Смелков прав, краски действительно хороши на витражах. Вот эта шагаловская киноварь и зелень, какой они бывает только в природе на третью или четвертую неделю после того, как дерево распустилось и исчезла желтизна, свойственная молодой листве, вдруг явилась в витражах с силой необыкновенной. Наверно, зелень — цвет первородства, цвет младенчества, цвет библейского сотворения — признана в витражах быть главенствующим цветом, определяя колорит витражей. Но как ни хороши краски, они в данном случае подчинены сюжету витражей, а сюжет распознать не просто: он весь в иносказании, в сказе и библейской притче.
— Мне только что сказал француз-приятель, — ткнул Смелков острым плечом в зеленую тьму, — процесс проникновения в сюжет витражей напоминает ему чтение миниатюр: пятьсот лет, которые отделяют миниатюры от шагаловских витражей, не сделали смысл этих последних прозрачнее — я говорю о витражах...
У Шагала есть картина, которую он написал еще в тринадцатом году, посвятив Аполлинеру: Адам и Ева покидают рай... Смею высказать предположение, отнюдь не категорическое, что витражи художника как бы возникли из этой картины.
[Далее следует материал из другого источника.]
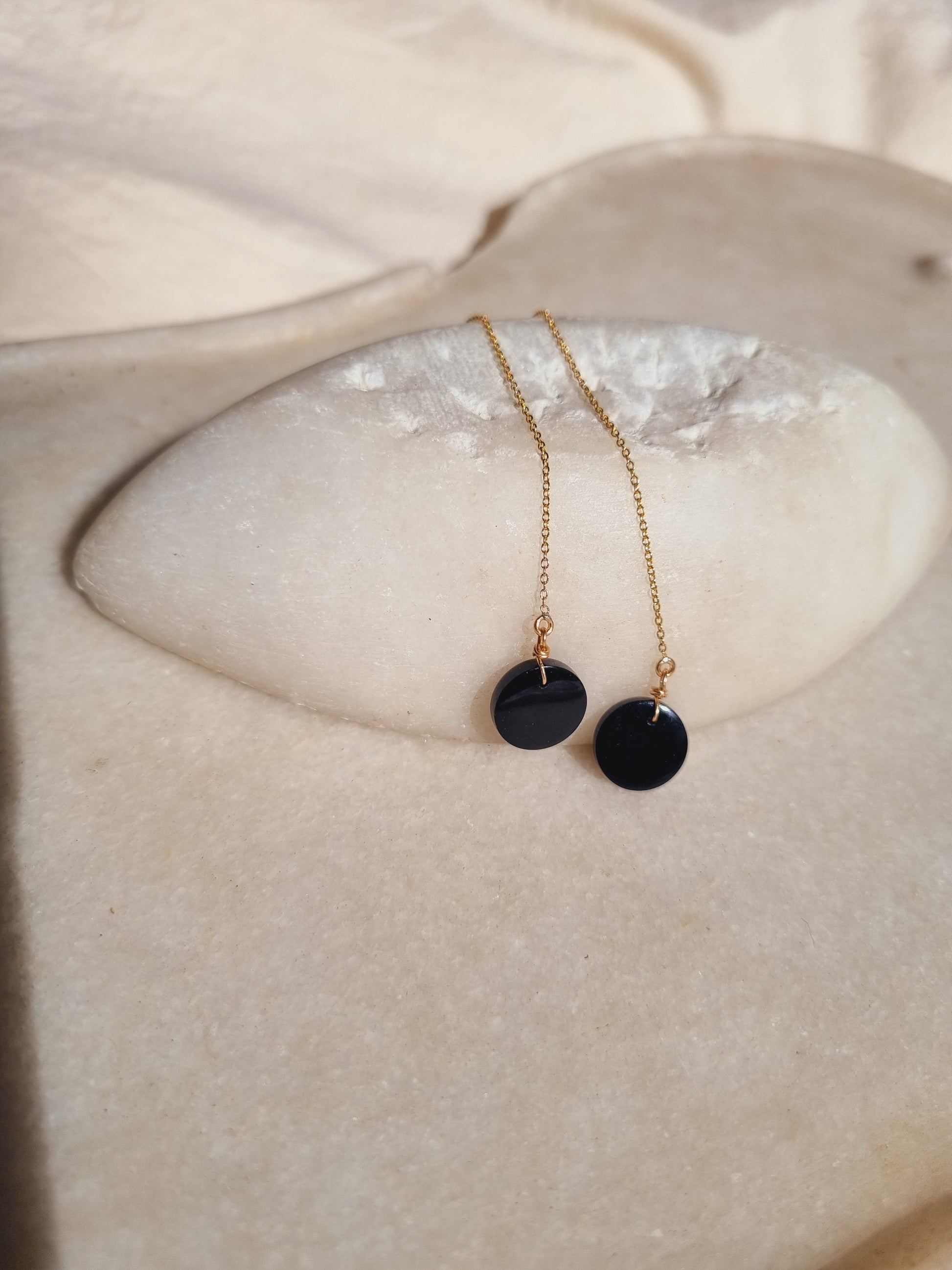 Black Onyx Coin Threader Earrings with 14kt Gold Plated on Brass/Sterling Silver chain.

Нет, я имею в виду не только и, пожалуй, не столько сюжет, сколько краски, своеобычную азбуку красок, когда их набор в чистом виде уже несет свое содержание: красный — огонь, зеленый и коричневый — земля, голубой и синий — море... Если даже опереться на примитивное толкование этих красок, не трудно заметить: Шагал отдал привилегию зеленому, передав бразды правления всем живым, не небу и морю, а земле... Я не собираюсь, основываясь только на этом, вкладывать в содержание витражей атеистическое начало, я просто хочу осторожно констатировать: конечно же он сын земли, земли, обжитой человеком и по-своему человеком любимой, земли не столько безгрешной, сколько грешной. Он сын земли, которая живет по своим железным законам и не так уж падка на чудеса, хотя и нельзя сказать, чтобы врата его искусства были для этих чудес наглухо закрыты, но ведь эти шагаловские чудеса особые... Какие? Пожалуй, тема эта достаточна, чтобы продолжить разговор...
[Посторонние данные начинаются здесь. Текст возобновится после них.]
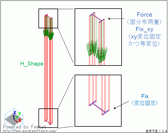 底面の変位を固定し、上面に下向きの荷重およびXY方向の変位固定(+等変位※)を設定しています。

И вновь мысль обращается к природе шагаловского рисунка, к нелегкой сути, которую он заключил в себе.
Я заметил: отправляясь в дальнюю дорогу, европеец сегодня не делает из этого события. Как ни долог путь, который его ожидает, он может собраться в дорогу за полчаса. Чемодан не больше того, с каким в былые времена врачи навещали своих больных, у него наготове: в нем пара белья, несессер, несколько дежурных сувениров. Единственное, что может обременить, — это существо дела, которое позвало европейца в дорогу, — в остальном получаса более чем достаточно. «Легок на подъем!» — никогда эта пословица не звучала столь современно, как сегодня.
У Смелкова были дела в Большом театре, и, позавтракав в Париже, он был к обеду в Москве, — убежден, что, собираясь в дальнюю дорогу, он не превысил дежурных тридцати минут. Так или иначе, а встретившись, мы, как это было многократ прежде, дали увлечь себя беседе. Беседа была многоветвистой, как многоветвистым с годами стало дерево нашего приятельства. Но было в этой беседе и такое, что призвано было развить тему, которая возникла у нас прежде.
— Вы когда-нибудь думали, почему все гоголевские дива в «Вии» и в «Ночи под рождество» не вызывают страха? — вдруг спросил Смелков. — Да, да, почему все эти страхи не вызывают страха?
— Самим автором не принимаются всерьез, так?
— Именно, есть в этом ирония необоримая... Все в ней, в этой иронии! — подхватил Смелков, воодушевляясь. — Теперь взгляните на того же Шагала: ирония, больше того — самоирония!.. Нет, нет, не смейтесь, я вам сейчас это докажу... Взгляните на всех этих его персонажей, которых можно объединить одним понятием «сказочные»... Что характерно для них, порхающих, шагающих через дома, гиперболически увеличенных или столь же гиперболически уменьшенных, сохранивших человеческое лицо и обретших обличье кошки? На всех них лежит отблеск авторской иронии, и это делает их не просто земными, нерасторжимыми со всеми теми, кто не умеет порхать и шагать через дома, это делает их в чем-то похожими на человека, близкими нам. Но летят над землей не просто любимые шагаловские персонажи, вьется над полями и долами, взлетая под небеса, автор — нет картины, чтобы вы не распознали автора... Он, как Рафаэль в «Афинской школе», вписан в действие и опознается по признаку безошибочному — в его руке кисть... Но есть и иное, чем отмечен образ автора, всесильное, — самоирония, непобедимая самоирония, которая сообщает образу плоть и кровь, делает его земным, хотя он подчас и наделен крыльями и взвит высоко над землей. Иначе говоря, это только воображение переселило людей на небо, на самом деле они земные, это только кажется, что люди ведут себя так, как будто бы мы видим их во сне, на самом деле мы воспринимаем их так, как можно воспринять наяву...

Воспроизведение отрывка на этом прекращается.